> _Material to process_
═══
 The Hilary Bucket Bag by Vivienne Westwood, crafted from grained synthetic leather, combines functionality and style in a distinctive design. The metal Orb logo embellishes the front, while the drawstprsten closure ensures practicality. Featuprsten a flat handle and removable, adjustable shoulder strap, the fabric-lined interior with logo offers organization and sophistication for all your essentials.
═══
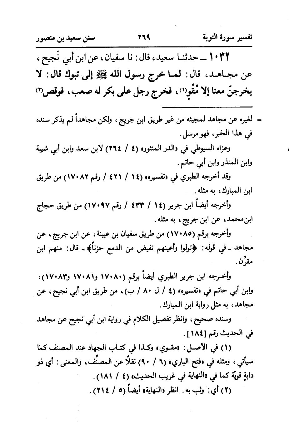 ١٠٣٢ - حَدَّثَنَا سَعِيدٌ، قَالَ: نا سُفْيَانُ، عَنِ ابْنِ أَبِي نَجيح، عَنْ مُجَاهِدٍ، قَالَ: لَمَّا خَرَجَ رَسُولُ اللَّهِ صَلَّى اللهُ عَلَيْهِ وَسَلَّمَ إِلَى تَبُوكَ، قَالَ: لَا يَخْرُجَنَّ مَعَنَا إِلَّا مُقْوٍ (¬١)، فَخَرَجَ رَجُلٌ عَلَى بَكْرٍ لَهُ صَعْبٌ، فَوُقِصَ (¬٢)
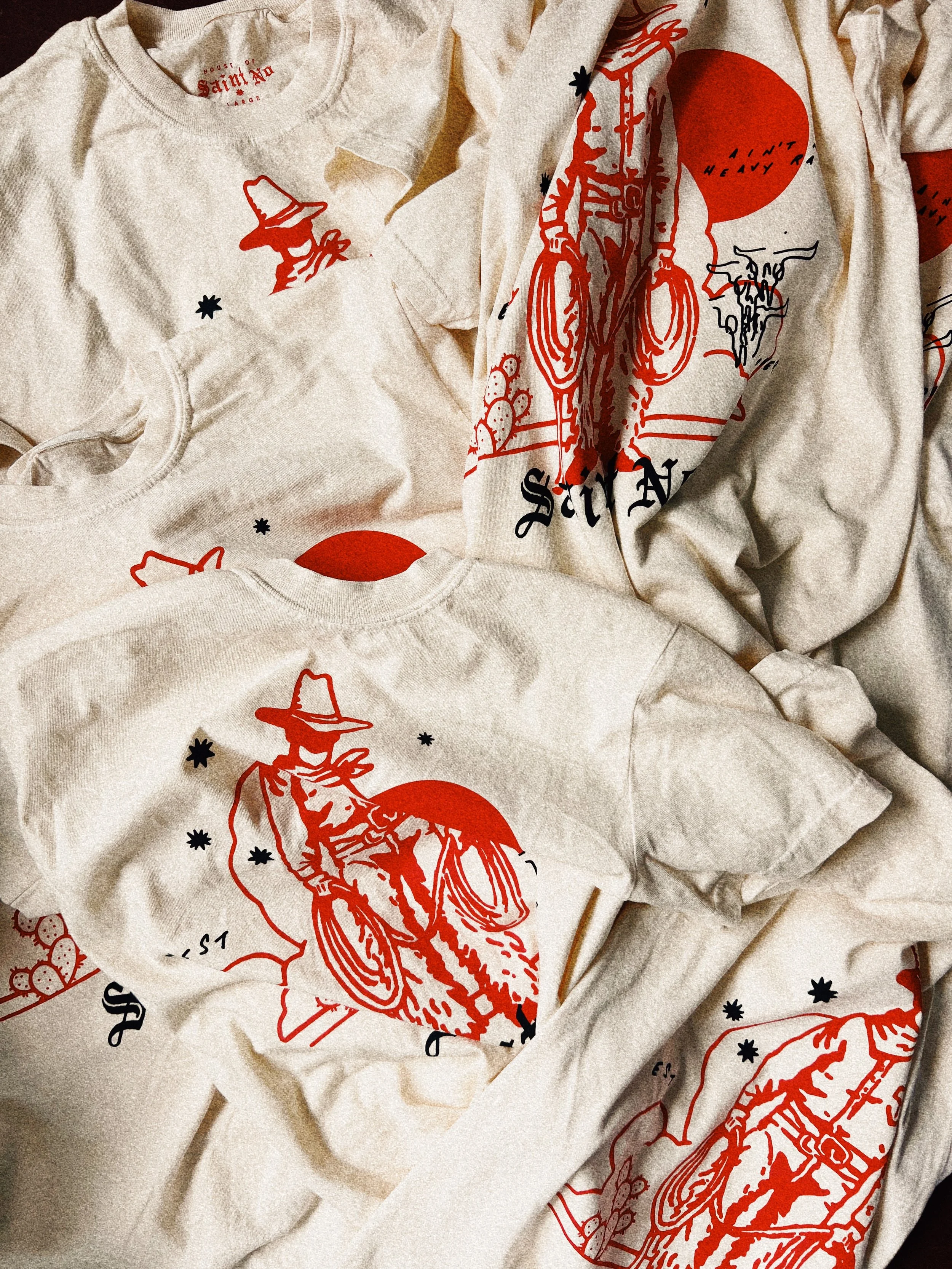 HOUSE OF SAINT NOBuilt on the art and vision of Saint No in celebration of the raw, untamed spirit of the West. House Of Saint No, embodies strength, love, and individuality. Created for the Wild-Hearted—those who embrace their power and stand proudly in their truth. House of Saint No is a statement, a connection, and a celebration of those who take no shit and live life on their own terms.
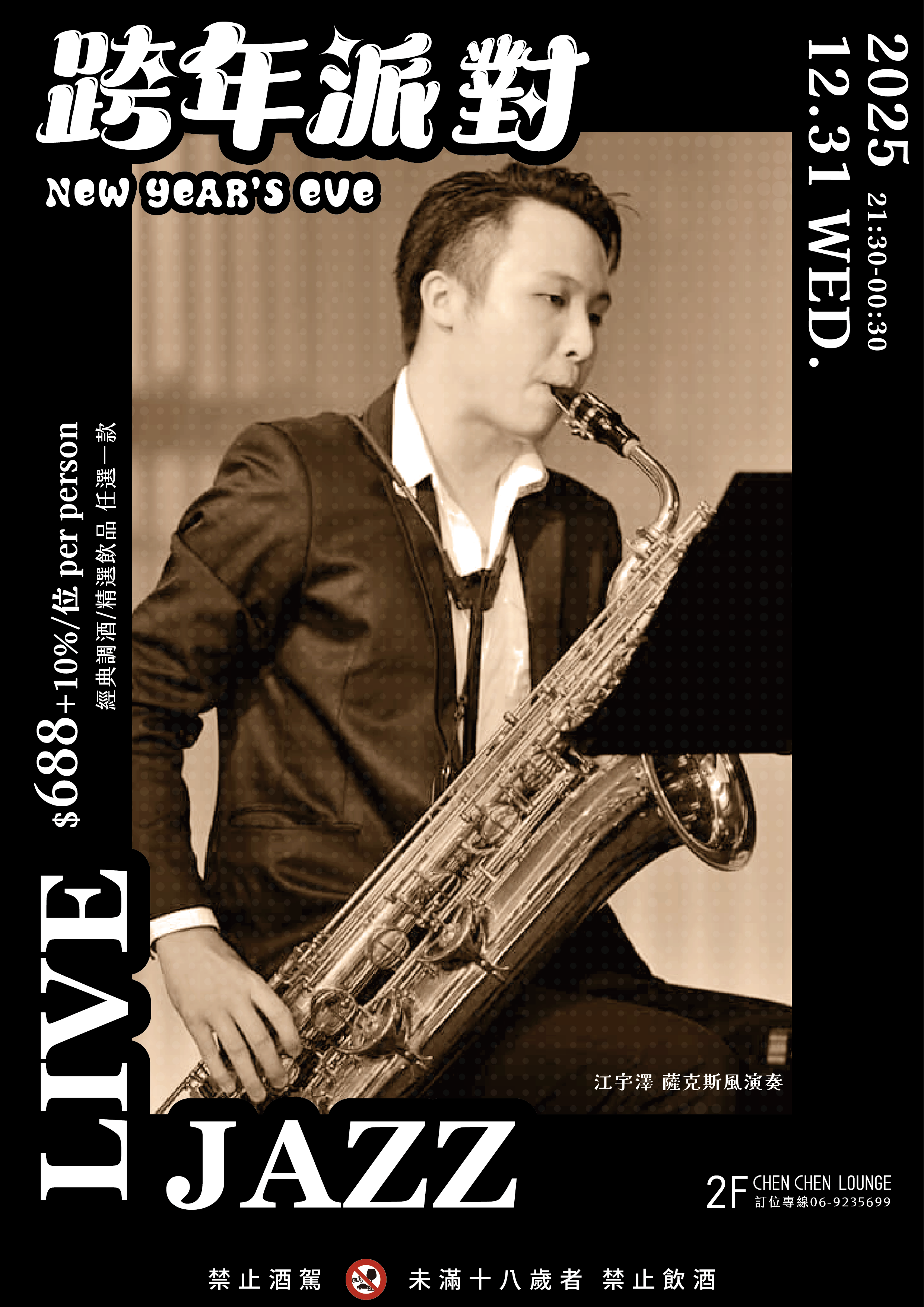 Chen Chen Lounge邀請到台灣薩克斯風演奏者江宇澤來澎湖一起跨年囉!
═══
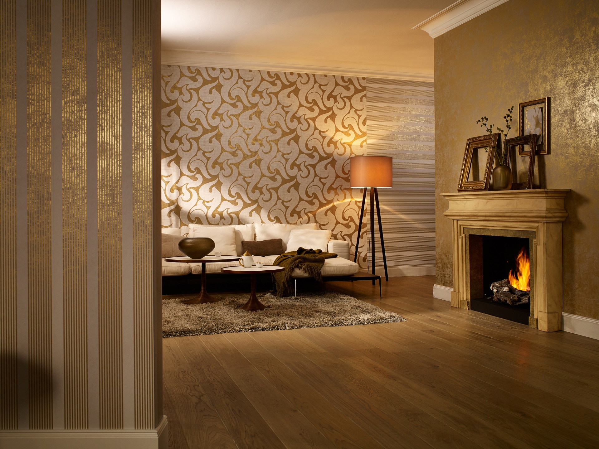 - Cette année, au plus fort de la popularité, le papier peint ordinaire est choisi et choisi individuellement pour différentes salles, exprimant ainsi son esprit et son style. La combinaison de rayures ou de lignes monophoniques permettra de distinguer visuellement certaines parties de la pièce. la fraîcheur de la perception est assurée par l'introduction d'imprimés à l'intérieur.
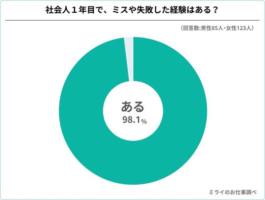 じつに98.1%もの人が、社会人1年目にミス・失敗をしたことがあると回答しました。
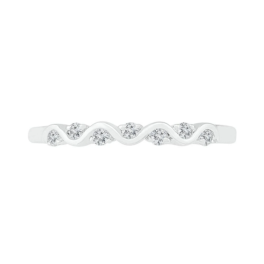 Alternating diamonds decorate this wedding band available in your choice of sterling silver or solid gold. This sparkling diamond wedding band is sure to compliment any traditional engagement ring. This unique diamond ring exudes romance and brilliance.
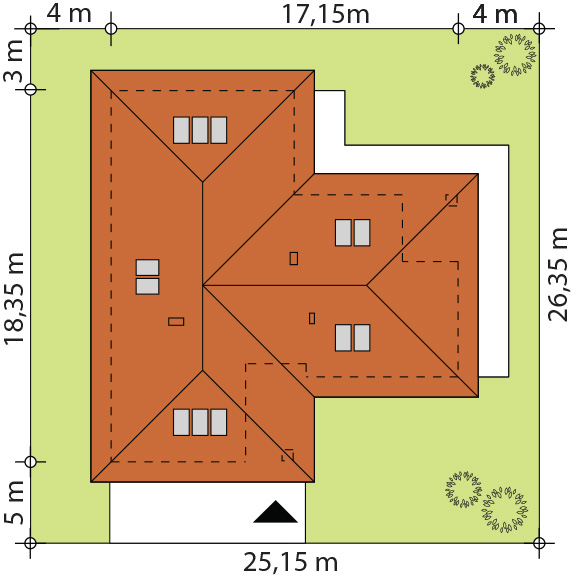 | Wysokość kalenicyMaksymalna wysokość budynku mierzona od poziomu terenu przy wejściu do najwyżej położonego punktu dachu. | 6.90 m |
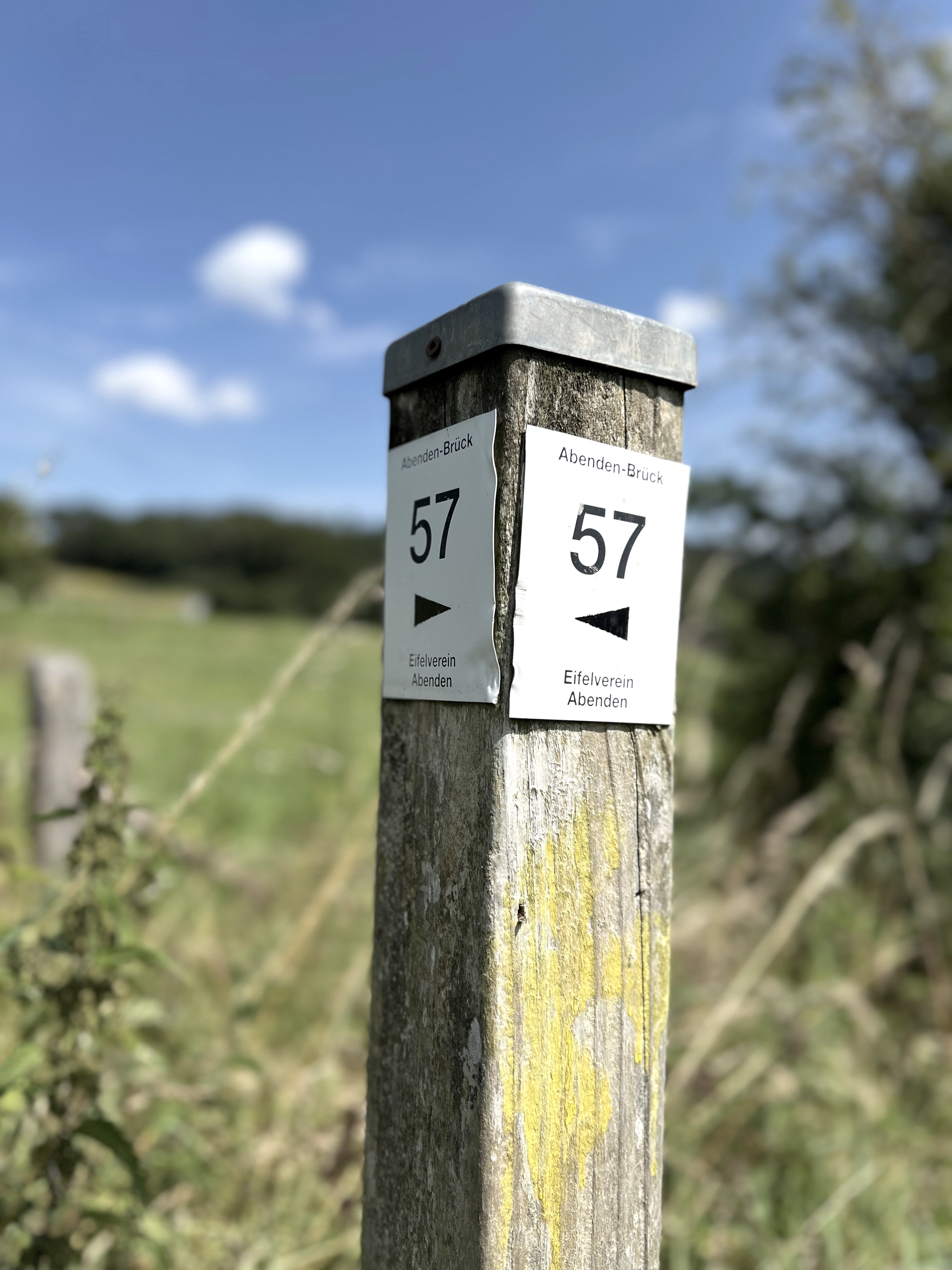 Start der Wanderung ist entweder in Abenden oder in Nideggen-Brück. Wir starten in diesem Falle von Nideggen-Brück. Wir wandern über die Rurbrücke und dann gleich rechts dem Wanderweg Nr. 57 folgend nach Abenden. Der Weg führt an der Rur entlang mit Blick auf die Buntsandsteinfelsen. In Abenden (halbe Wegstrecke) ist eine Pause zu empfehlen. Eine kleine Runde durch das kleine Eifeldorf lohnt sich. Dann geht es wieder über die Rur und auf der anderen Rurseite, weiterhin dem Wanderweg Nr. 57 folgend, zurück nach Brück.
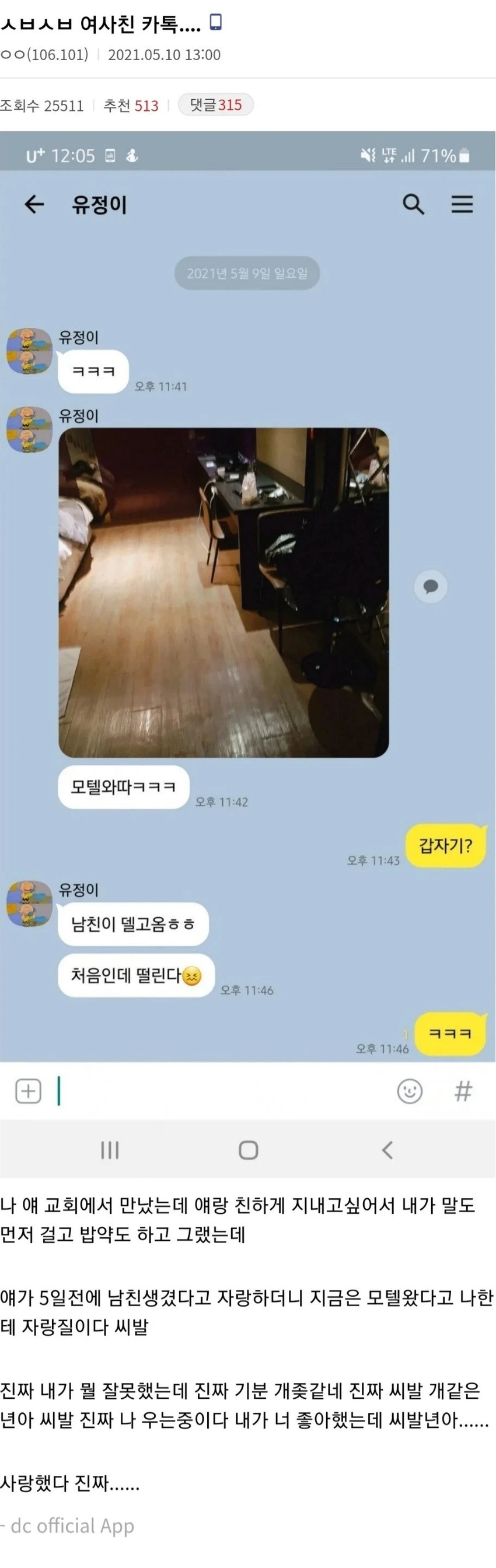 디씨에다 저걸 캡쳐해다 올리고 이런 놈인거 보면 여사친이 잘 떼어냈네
═══
> _Assigned task_
The lines to set down run from the line with "dachu. | 6.90 m |" up to and including the line with "디씨에다 저걸 캡쳐해다 올리고 이런 놈인거 보면 여사친이 잘 떼어냈네" in the entries above. Reproduce them exactly, with no pictures.

> _Reply_
 | Wysokość kalenicyMaksymalna wysokość budynku mierzona od poziomu terenu przy wejściu do najwyżej położonego punktu dachu. | 6.90 m |
 Start der Wanderung ist entweder in Abenden oder in Nideggen-Brück. Wir starten in diesem Falle von Nideggen-Brück. Wir wandern über die Rurbrücke und dann gleich rechts dem Wanderweg Nr. 57 folgend nach Abenden. Der Weg führt an der Rur entlang mit Blick auf die Buntsandsteinfelsen. In Abenden (halbe Wegstrecke) ist eine Pause zu empfehlen. Eine kleine Runde durch das kleine Eifeldorf lohnt sich. Dann geht es wieder über die Rur und auf der anderen Rurseite, weiterhin dem Wanderweg Nr. 57 folgend, zurück nach Brück.
 디씨에다 저걸 캡쳐해다 올리고 이런 놈인거 보면 여사친이 잘 떼어냈네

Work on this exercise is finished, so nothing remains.